** Task description **
Within the listing below, give again exactly the lines between the one containing "道からの土が下がって来るので土留めのブロックを設置してください" and the one containing "L2032 何福祥(B.1933);風景水彩紙本 1999年作", inclusive, pictures left aside.

** Records to use **

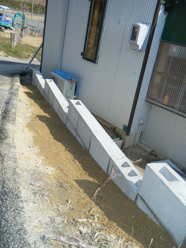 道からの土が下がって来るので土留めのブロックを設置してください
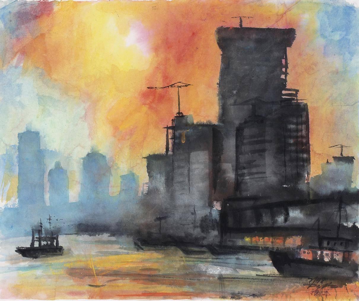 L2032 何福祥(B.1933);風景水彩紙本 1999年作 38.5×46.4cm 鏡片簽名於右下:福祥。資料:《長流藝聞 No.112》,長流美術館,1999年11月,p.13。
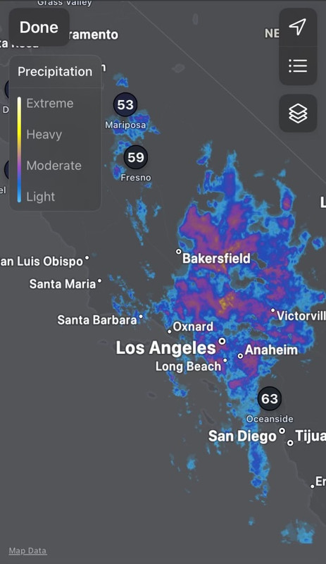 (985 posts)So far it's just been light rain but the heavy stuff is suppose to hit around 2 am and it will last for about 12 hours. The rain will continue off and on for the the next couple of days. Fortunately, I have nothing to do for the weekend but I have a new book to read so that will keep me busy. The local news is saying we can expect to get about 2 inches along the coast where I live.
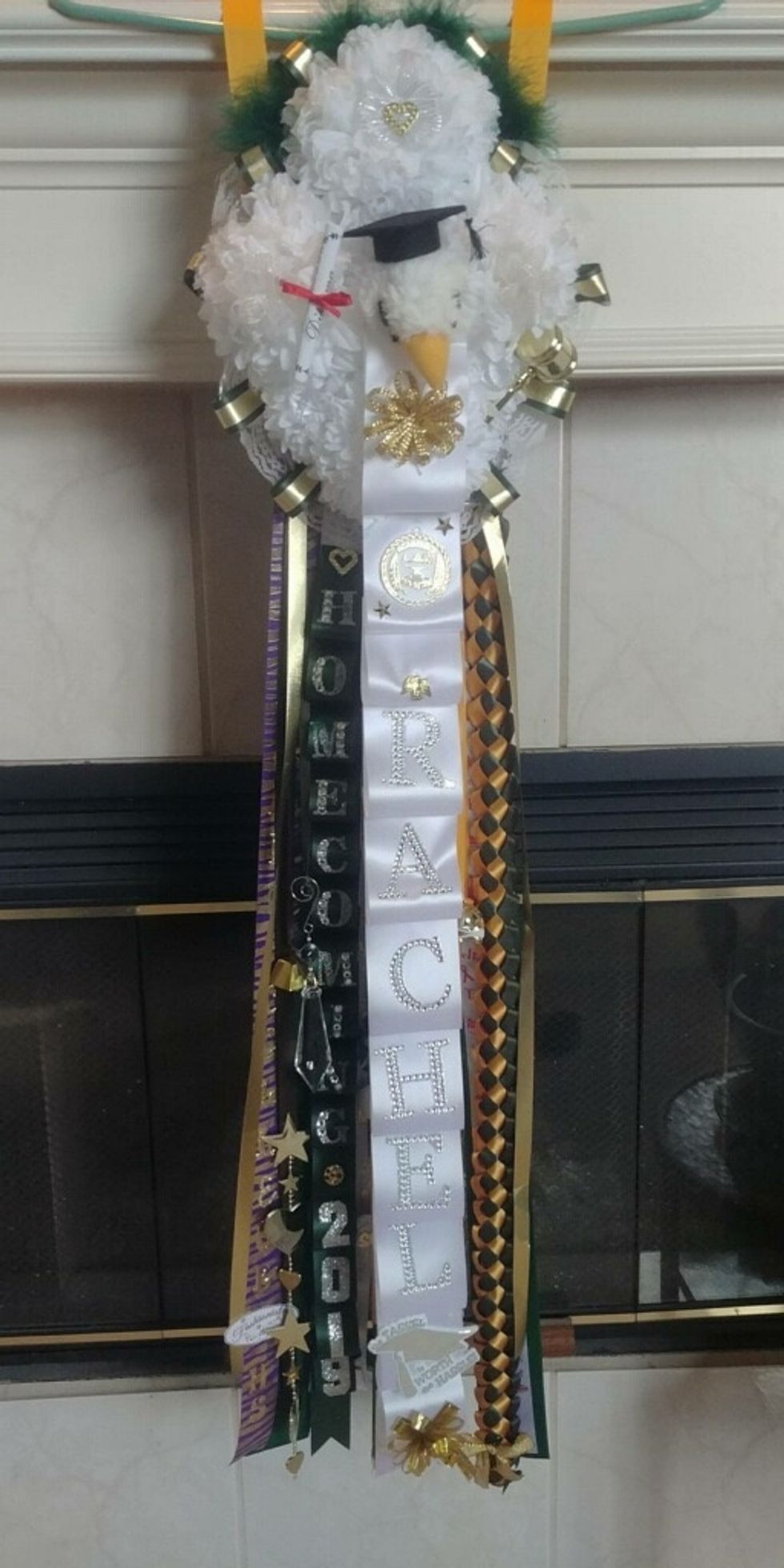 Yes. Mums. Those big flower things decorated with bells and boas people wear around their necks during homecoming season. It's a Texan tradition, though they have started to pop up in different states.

...

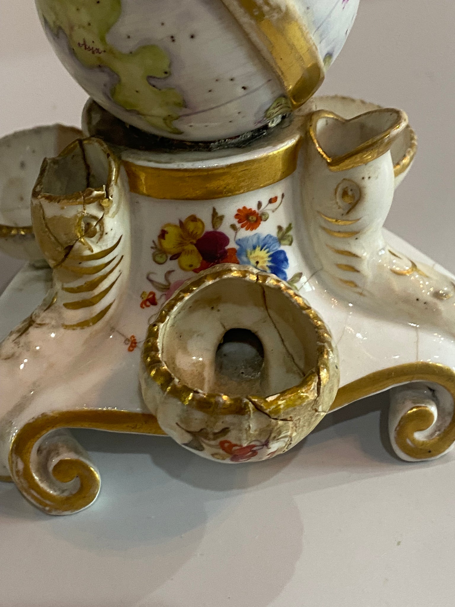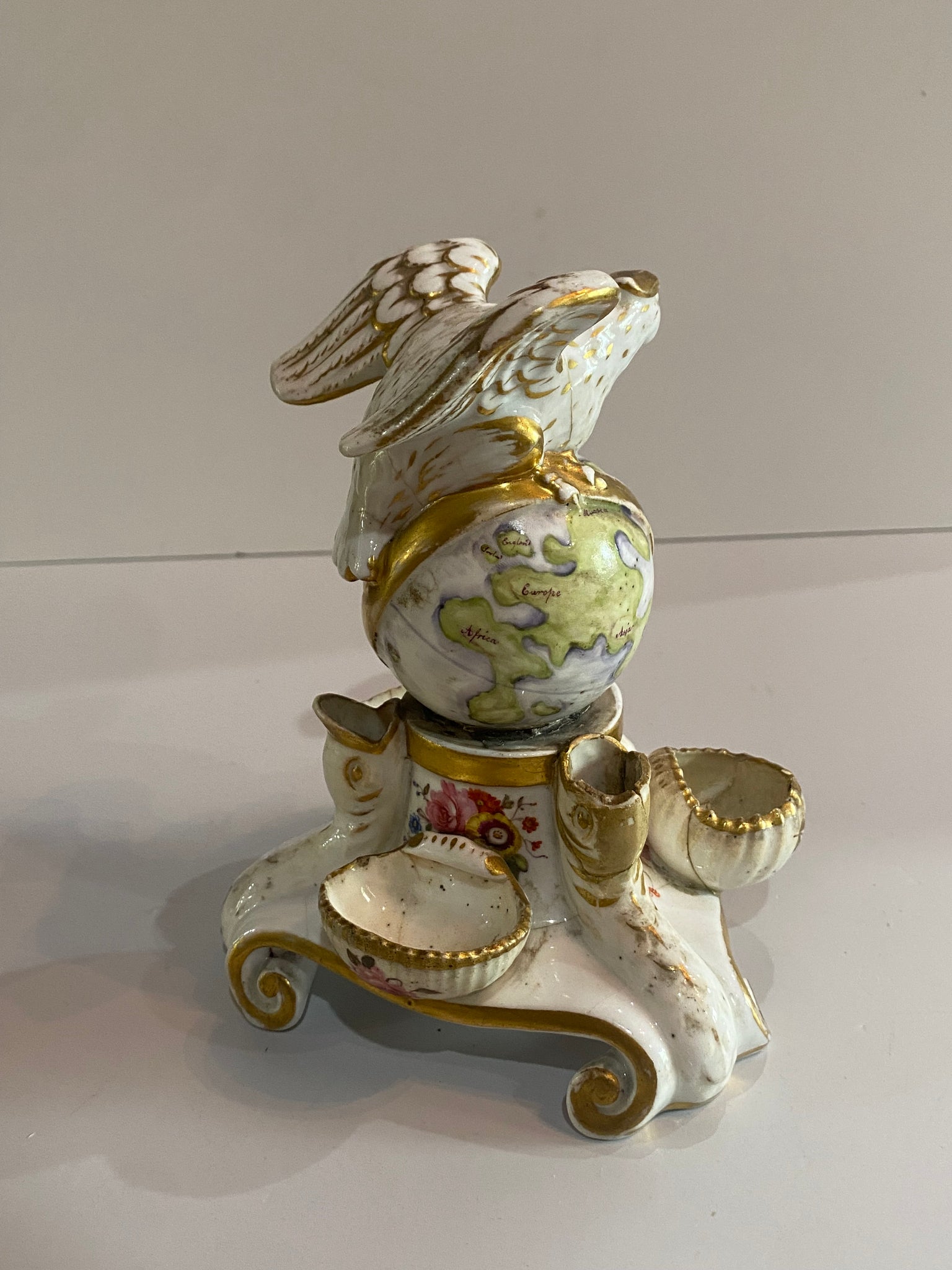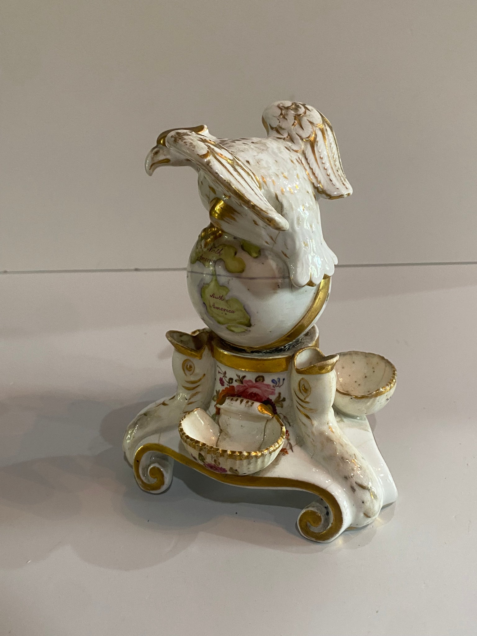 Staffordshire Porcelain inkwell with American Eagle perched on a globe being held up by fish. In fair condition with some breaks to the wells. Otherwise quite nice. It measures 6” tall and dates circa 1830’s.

** Task solution **
 道からの土が下がって来るので土留めのブロックを設置してください
 L2032 何福祥(B.1933);風景水彩紙本 1999年作 38.5×46.4cm 鏡片簽名於右下:福祥。資料:《長流藝聞 No.112》,長流美術館,1999年11月,p.13。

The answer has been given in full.